WORK TASK >> Drop every picture, then transcribe the remaining data exactly.

RECORDED INFORMATION >>
-- Opening Marker --

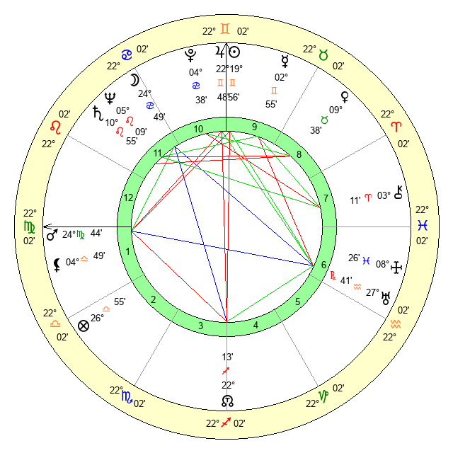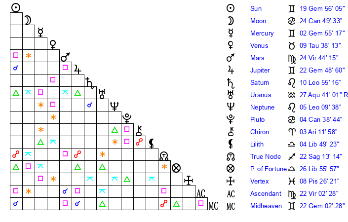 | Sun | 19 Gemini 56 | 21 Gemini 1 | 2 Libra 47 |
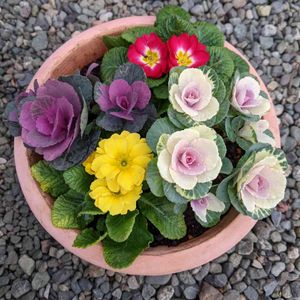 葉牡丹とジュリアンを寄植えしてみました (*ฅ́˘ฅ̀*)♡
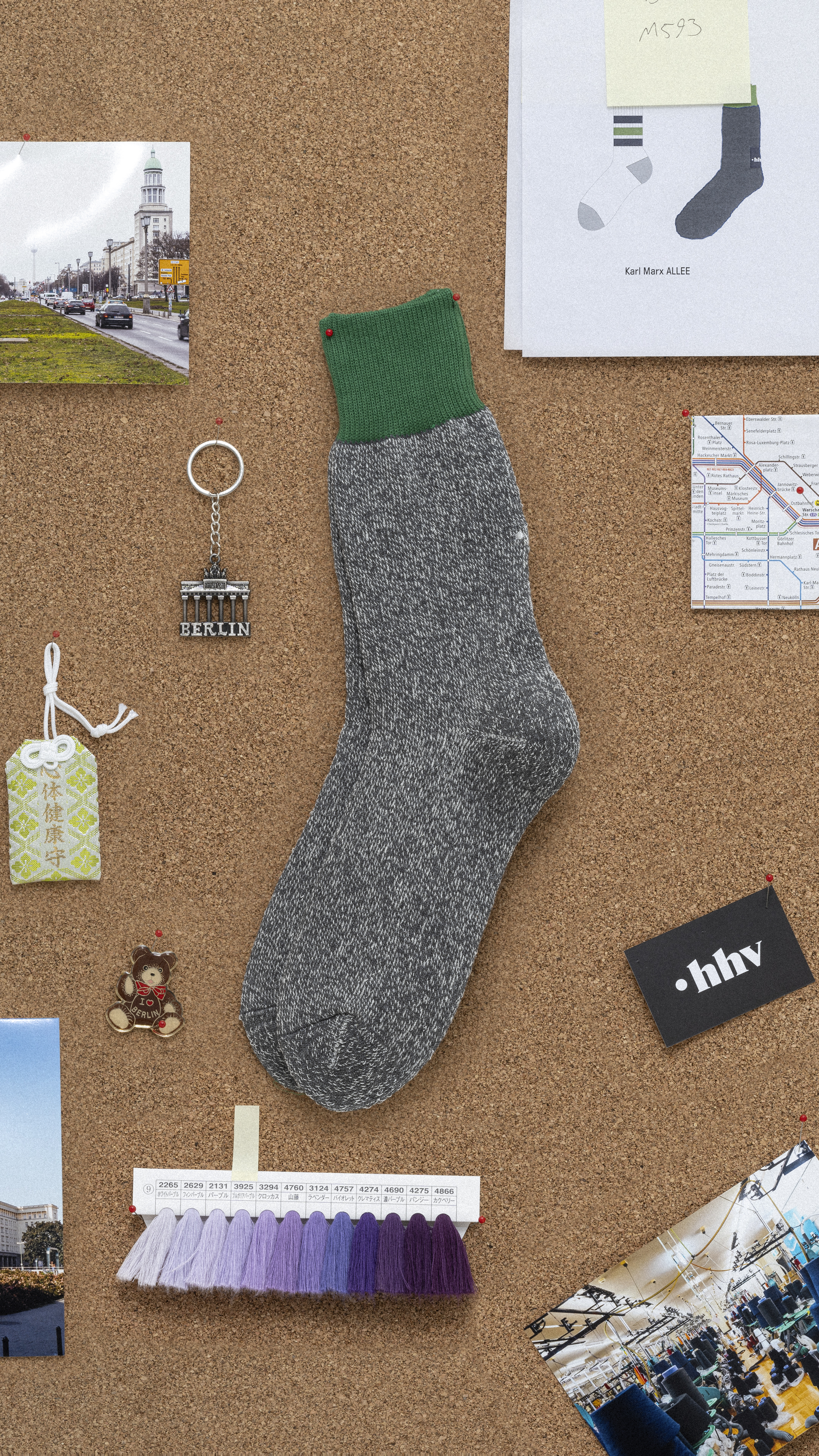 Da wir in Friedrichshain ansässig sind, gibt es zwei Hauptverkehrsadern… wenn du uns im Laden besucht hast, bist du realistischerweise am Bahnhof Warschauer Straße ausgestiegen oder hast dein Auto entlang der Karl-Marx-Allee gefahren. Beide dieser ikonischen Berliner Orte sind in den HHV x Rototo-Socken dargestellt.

-- Closing Marker --

OUTPUT OF THE TASK >>
 | Sun | 19 Gemini 56 | 21 Gemini 1 | 2 Libra 47 |
 葉牡丹とジュリアンを寄植えしてみました (*ฅ́˘ฅ̀*)♡
 Da wir in Friedrichshain ansässig sind, gibt es zwei Hauptverkehrsadern… wenn du uns im Laden besucht hast, bist du realistischerweise am Bahnhof Warschauer Straße ausgestiegen oder hast dein Auto entlang der Karl-Marx-Allee gefahren. Beide dieser ikonischen Berliner Orte sind in den HHV x Rototo-Socken dargestellt.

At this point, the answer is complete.